Created attachment 948841 [details] video showing the systemd crash on starting google chrome. Description of problem: systemd crashed - killed by SIGSEGV on starting google chrome 38.0.2125 (latest) Version-Release number of selected component (if applicable): systemd-208-22.fc20 google-chrome 38.0.2125.104 How reproducible: Each time Google-chrome is started Steps to Reproduce: 1. Start Google-chrome 38.0.2125.104 2. 3. Actual results: Google chrome starts and abrt reports a systemd crash (video attached). Google chrome continues to function normally but similar systemd crashes continue in background every few minutes. Expected results: Additional info: --- Running report_uReport --- A bug was already filed about this problem: Bugzilla: URL=https://bugzilla.redhat.com/show_bug.cgi?id=1154234 The bug is closed due to insufficient data.
OK, after the crash, does 'systemctl' work and print something?

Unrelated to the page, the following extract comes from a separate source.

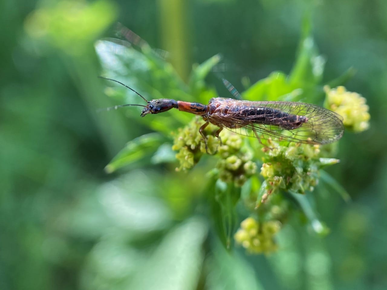 Snakeflies are a group of predatory insects comprising the order Raphidioptera. They are a relict group, having reached their apex of diversity during the Cretaceous before undergoing substantial decline. Adult Snakefly has a notably elongated thorax which, together with the mobile head, gives the group their common name of snakefly. The body is long and slender and the two pairs of long membranous wings are prominently veined. The head is long and flattened and heavily sclerotized. The mouthparts are strong and relatively unspecialized, being modified for biting. The large compound eyes are at the sides of the head. Females have a large and sturdy ovipositor which is used to deposit eggs into crevices or under bark. Snakeflies are holometabolous insects with four-stage life cycle consisting of eggs, larvae, pupae and adults. Both adults and larvae are predators of soft-bodied arthropods such as aphids and mites.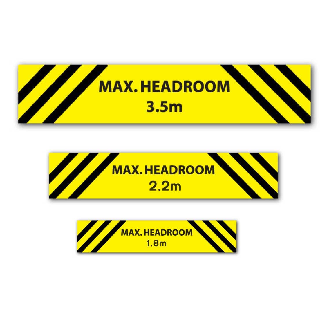 Max headroom sign size | 1000 mm x 150 mm, 2000 mm x 100 mm, 1220 mm x 100 mm, 1220 mm x 150 mm, 1220 mm x 200 mm, 1800 mm x 300 mm, 2000 mm x 200 mm, 2000 mm x 150 mm, 2440 mm x 200 mm, 2440 mm x 300 mm |

systemctl seems to function normally. Where do i look for systemctl output? google-chrome howsoever outputs the following errors $ google-chrome-stable [1:1:1023/221545:ERROR:nacl_fork_delegate_linux.cc(292)] Bad NaCl helper startup ack (0 bytes) ATTENTION: default value of option force_s3tc_enable overridden by environment. [13939:13939:1023/221547:ERROR:sandbox_linux.cc(305)] InitializeSandbox() called with multiple threads in process gpu-process [13897:13897:1023/221547:ERROR:desktop_window_tree_host_x11.cc(1547)] Not implemented reached in void views::DesktopWindowTreeHostX11::MapWindow(ui::WindowShowState) getrlimit(RLIMIT_NOFILE) failed I also have Google-Chrome beta installed which does not crash systemd. The output on running it. $ google-chrome-beta ATTENTION: default value of option force_s3tc_enable overridden by environment. [14086:14086:1023/221759:ERROR:sandbox_linux.cc(305)] InitializeSandbox() called with multiple threads in process gpu-process getrlimit(RLIMIT_NOFILE) failed
When systemd crashes then systemctl stops working. (systemctl communicates with systemd over dbus, and when systemd crashes is intercepts the signal and "freezes", so then systemctl waits a bit and fails with "did not receive a reply" or something similar). So if systemctl is working that means that systemd did not crash.
When systemd crashes then information about it should be logged in journal. Something like Oct 27 14:18:20 localhost.localdomain systemd[1]: Freezing execution. Oct 27 14:18:20 localhost.localdomain systemd[1]: Caught <SEGV>, dumped core as pid 1068. Also core file is then stored in /. Can you see similar journal entries on your machine?
I don't remember seeing a similar entry in the logs. I have moved on the Fedora 21 and I'm facing no problem now.